CORRESPONDENCE: M. Miravitlles, Servei de Pneumologia, Hospital Clínic, Villarroel 170, 08036 Barcelona, Spain. E-mail: marcm{at}clinic.ub.es

Keywords: Antibiotics, bacterial colonisation, chronic obstructive pulmonary disease, moxifloxacin

Received: December 24, 2008
Accepted April 2, 2009

This study was designed to investigate the efficacy of moxifloxacin for the eradication of bacterial colonisation of the airways in patients with moderate-to-severe chronic obstructive pulmonary disease (COPD).

Out of 119 stable patients with COPD screened, 40 (mean age 69 yrs, mean forced expiratory volume in 1 s 50% predicted) were colonised with potentially pathogenic microorganisms (PPMs) and were included in a randomised, double-blind, placebo-controlled trial with moxifloxacin 400 mg daily for 5 days.
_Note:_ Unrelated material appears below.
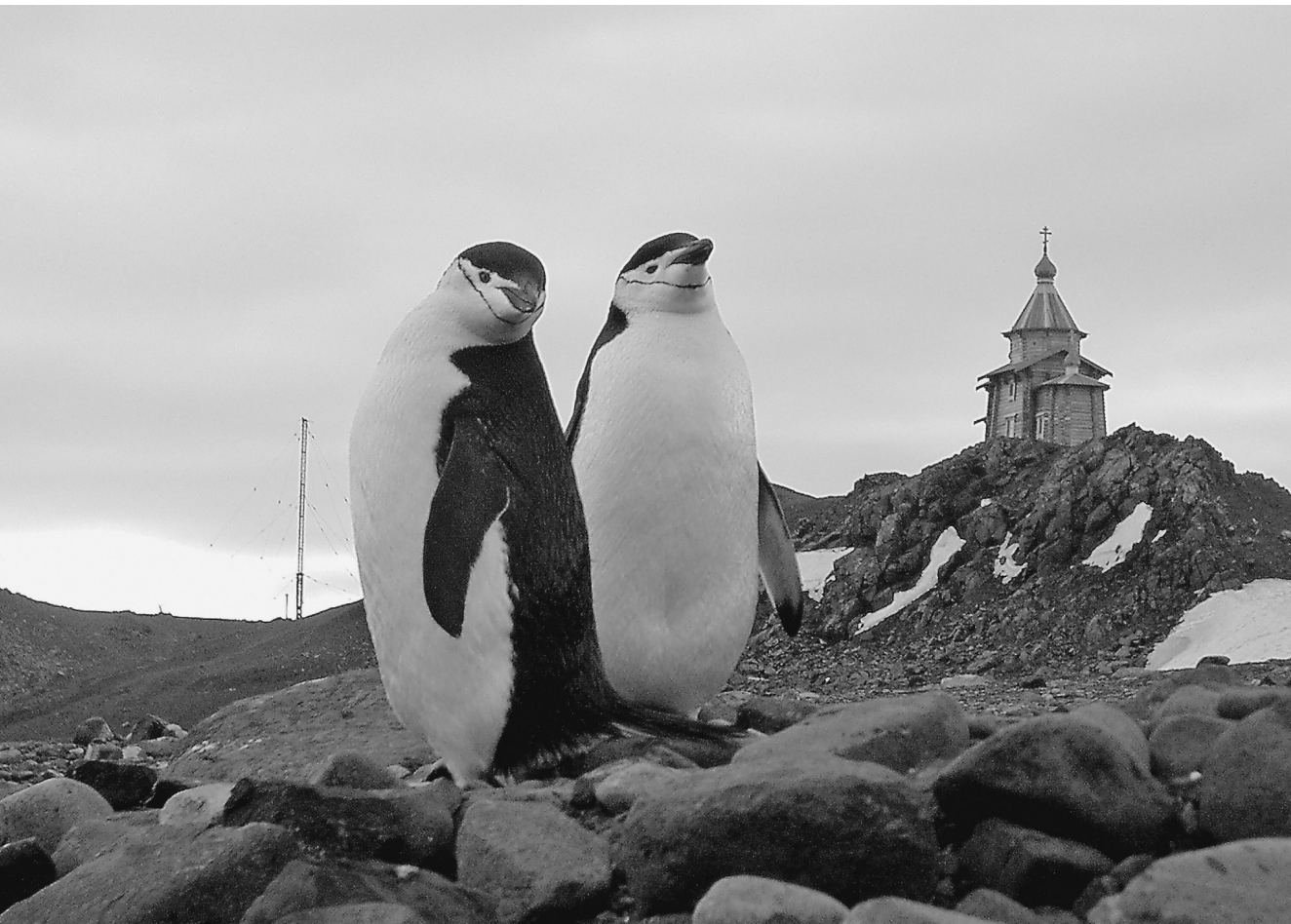
Почти 200 лет русского присутствия в Антарктиде подготовили туземцев к туристическому буму

Шутливая новость была многими воспринята всерьез потому, так как была тщательно замаскирована под настоящий пресс-релиз, сообщающий о событиях, для многих вероятном. В релизе среди прочего говорилось о выполнении комплекса работ по подготовке антарктических аэродромов и инфраструктуры для размещения путешественников на российских

Eradication rates were 75% with moxifloxacin and 30% with placebo at 2 weeks (p = 0.01). Bacterial persistence at 8 weeks was still higher (not significantly) in the placebo arm (five (25%) out of 20 versus one (5%) out of 20; p = 0.18). The frequencies of acquisition of a new PPM were high and similar in both treatment groups; consequently, the prevalence of colonisation at 8 weeks was also similar between treatment arms. No difference was found in the number of patients with exacerbations during the 5-month follow-up. Only the acquisition of a new PPM during follow-up showed a statistically significant relationship with occurrence of an exacerbation.

Moxifloxacin was effective in eradicating PPMs in patients with positive sputum cultures. However, most patients were recolonised after 8 weeks of follow-up. Acquisition of a new strain of bacteria was associated with an increased risk of developing an exacerbation.